In United States copyright law, transformative use or transformation is a type of fair use that builds on a copyrighted work in a different manner or for a different purpose from the original, and thus does not infringe its holder's copyright. Transformation is an important issue in deciding whether a use meets the first factor of the fair use test, and is generally critical for determining whether a use is in fact fair, although no one factor is dispositive.

Transformativeness is a characteristic of such derivative works that makes them transcend, or place in a new light, the underlying works on which they are based. In computer- and Internet-related works, the transformative characteristic of the later work is often that it provides the public with a benefit not previously available to it, which would otherwise remain unavailable. Such transformativeness weighs heavily in a fair use analysis and may excuse what seems a clear copyright infringement from liability.

In United States patent law, the term also refers to a completely unrelated test, that deals with patent eligibility rather than with patent infringement. In re Bilski established that a patent-eligible invention must "transform a particular article into a different state or thing" from what has been discovered in Nature.

== Basis ==

Like most of the modern fair use doctrine, the doctrine of transformation was heavily influenced by the 1841 circuit court case Folsom v. Marsh. In that case, Justice Story ruled that
if [someone] thus cites the most important parts of the work, with a view, not to criticize, but to supersede the use of the original work, and substitute the review for it, such a use will be deemed in law a piracy.
The standard of "supersed[ing] the use of the original work" would be widely cited as a standard for the degree to which a work was transformative when fair use had become more clearly fixed as a legal principle.
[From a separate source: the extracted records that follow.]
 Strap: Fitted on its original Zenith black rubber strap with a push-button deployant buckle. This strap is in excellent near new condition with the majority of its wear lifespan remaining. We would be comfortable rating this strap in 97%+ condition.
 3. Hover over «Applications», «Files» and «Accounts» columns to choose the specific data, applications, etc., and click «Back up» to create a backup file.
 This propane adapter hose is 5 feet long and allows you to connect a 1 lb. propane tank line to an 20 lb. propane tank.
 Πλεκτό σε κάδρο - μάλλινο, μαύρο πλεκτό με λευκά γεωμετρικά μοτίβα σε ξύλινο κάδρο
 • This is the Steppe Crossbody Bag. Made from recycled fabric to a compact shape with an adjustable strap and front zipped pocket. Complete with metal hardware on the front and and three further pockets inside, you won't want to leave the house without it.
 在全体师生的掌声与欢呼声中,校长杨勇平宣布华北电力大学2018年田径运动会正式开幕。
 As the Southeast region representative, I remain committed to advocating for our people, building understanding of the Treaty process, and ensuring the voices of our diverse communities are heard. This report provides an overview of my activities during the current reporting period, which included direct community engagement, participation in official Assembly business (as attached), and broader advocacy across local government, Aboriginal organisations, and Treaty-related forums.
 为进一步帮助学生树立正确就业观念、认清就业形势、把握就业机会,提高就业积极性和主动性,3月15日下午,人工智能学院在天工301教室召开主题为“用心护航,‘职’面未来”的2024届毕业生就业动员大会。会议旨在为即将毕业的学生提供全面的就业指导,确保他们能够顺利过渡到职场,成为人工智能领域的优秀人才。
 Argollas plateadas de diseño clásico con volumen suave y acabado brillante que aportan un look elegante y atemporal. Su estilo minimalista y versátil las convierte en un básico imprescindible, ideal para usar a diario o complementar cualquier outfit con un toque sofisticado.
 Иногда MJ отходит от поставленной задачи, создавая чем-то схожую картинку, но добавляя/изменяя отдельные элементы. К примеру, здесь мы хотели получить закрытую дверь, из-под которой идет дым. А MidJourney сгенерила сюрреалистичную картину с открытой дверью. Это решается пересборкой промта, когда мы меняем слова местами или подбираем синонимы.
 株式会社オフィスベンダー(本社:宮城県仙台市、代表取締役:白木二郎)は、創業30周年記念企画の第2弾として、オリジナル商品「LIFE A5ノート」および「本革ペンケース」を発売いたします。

In the Copyright Act of 1976, Congress defined fair use explicitly for the first time, giving as one factor "the purpose and character of the use, including whether such use is of a commercial nature or is for nonprofit educational purposes". This factor was later determined to hinge in substantial part on transformation. See, e.g., Campbell v. Acuff-Rose Music, a case in the United States Supreme Court:
Under the first of the four 107 factors, "the purpose and character of the use, including whether such use is of a commercial nature ...," the inquiry focuses on whether the new work merely supersedes the objects of the original creation, or whether and to what extent it is controversially "transformative," altering the original with new expression, meaning, or message. The more transformative the new work, the less will be the significance of other factors, like commercialism, that may weigh against a finding of fair use.
Campbell is important in large part because of this statement, ordering that commerciality should be given less weight in fair-use determinations and transformation great weight.

==Application==
There is no "bright line test" to determine whether one work supersedes the purpose of another; like the determination of fair use generally, it involves significant judgment calls. However, there is substantial precedent that clarifies the nature of transformation in law.

A transformative parody, showing grotesque versions of Scooby-Doo, Where Are You! characters participating in tax evasion and being brutally killed by a character from Breaking Bad.

Generally, use of a work to comment on the work itself somehow will qualify as transformative. Quoting portions of a work to criticize it, as in a book review, is transformative. Likewise, parody is transformative – repurposing a work to mock the work itself or the principles the work represents serves a very different purpose from that of the original work.

Repurposing a work to aid identification of the base work is also generally transformative. In Kelly v. Arriba Soft Corp. and Perfect 10 v. Google, the respective courts held that the creation and use of thumbnails to allow users of a search engine to easily browse through images returned by their search was transformative.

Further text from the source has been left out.